The Institute of Buddhist Studies (IBS) and the Sati Institute of Theravada Buddhist Studies (SITBS) announce a new, cooperative degree program.

At its meeting Friday, 12 August, the IBS Board of Trustees approved a cooperative relationship between the IBS and the SITBS, including a new Theravada Studies track within the Master of Buddhist Studies degree program. This cooperative undertaking is an important expansion of IBS’s curricular offerings, making available to students the rich resources that the faculty of the SITBS bring to the study of Buddhism. This fall term two new classes Meditation in the Theravada Tradition and Readings in Early Buddhist Texts are being added to the IBS course offerings in support of this new specialization.

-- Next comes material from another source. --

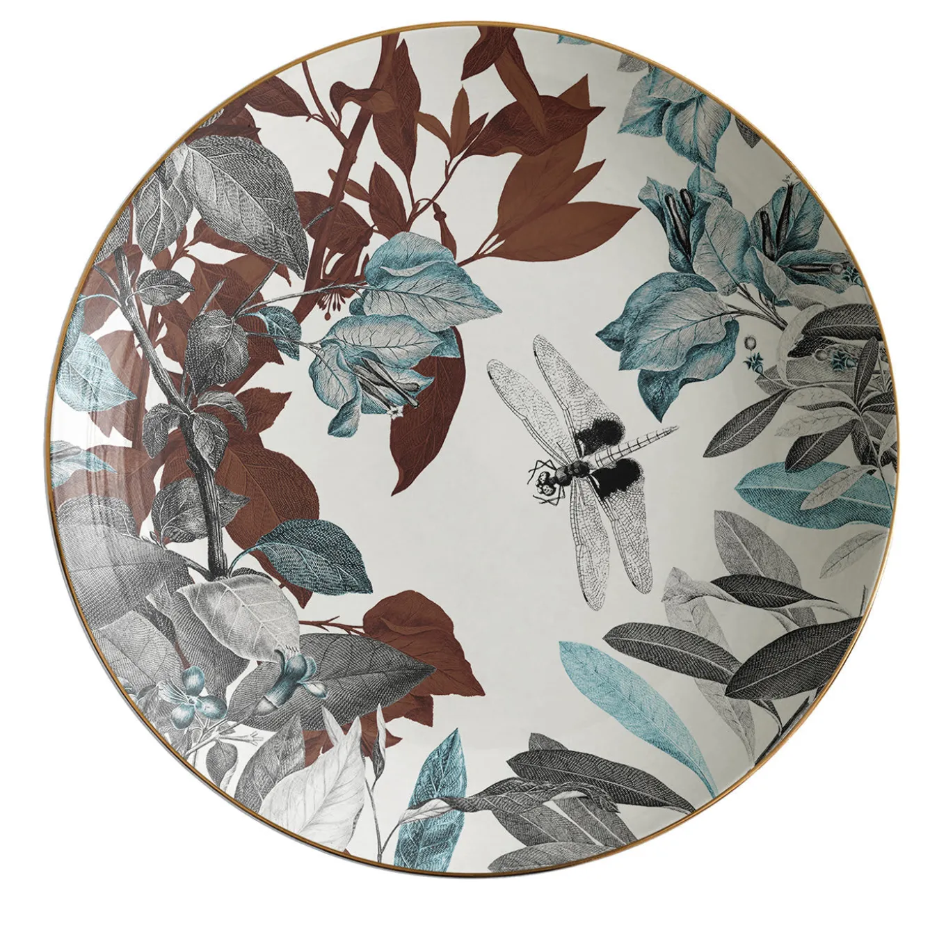 The relaxing ambiance of the Black Dragon pond in Jade Spring Park inspired designer Vito Nesta for this splendid set of two plates in fine porcelain. The free combination of a delicate dragonfly with foliage in gray and rust-red tones with teal accents lends the set a strongly evocative flair, reminiscent of its typical flora and fauna that appears emerging from a luminous, white backdrop.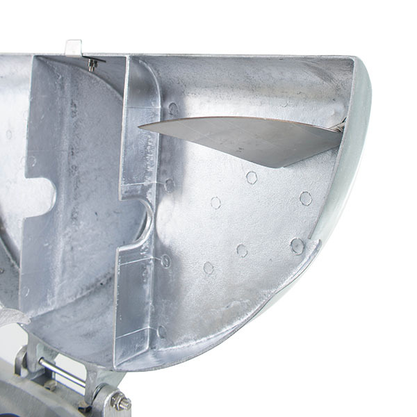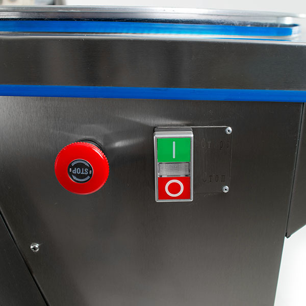 При поднятии крышки устройства срабатывает концевой выключатель, который останавливает вращение. Это защищает персонал от получения травм во время работы. Все пищевое оборудование производителя изготовлено из нержавеющей стали или хромировано, что исключает вероятность коррозии и повышает срок службы. Все используемые материалы не выделяют вредных веществ.

Future plans for the program include not only additional course offerings in the textual and practice tradition of Theravada Buddhism, but also the study of Pali, one of the primary languages for inquiry into the canonic traditions of Buddhism.

For additional information about the new Theravada Studies track at IBS, please see the Sati Institute’s website, or click on the course titles above.

About the instructors:

Gil Fronsdal is the primary teacher for the Insight Meditation Center in Redwood City, California, and has been teaching since 1990. He has practiced Zen and Vipassana in the U.S. and Asia since 1975. He was a Theravada monk in Burma in 1985, and in 1989 began training with Jack Kornfield to be a Vipassana teacher. Dr. Fronsdal teaches at Spirit Rock Meditation Center where he is part of its Teachers Council. He received his Ph.D. from Stanford University.


Nona Olivia has been practicing meditation for some 40 years. She graduated from Spirit Rock Meditation Center’s first Dedicated Practitioner Program and is a Lay Buddhist Minister, ordained by Gil Fronsdal. Dr. Olivia holds a Ph.D. from Brown University and teaches at the University of Colorado in Boulder.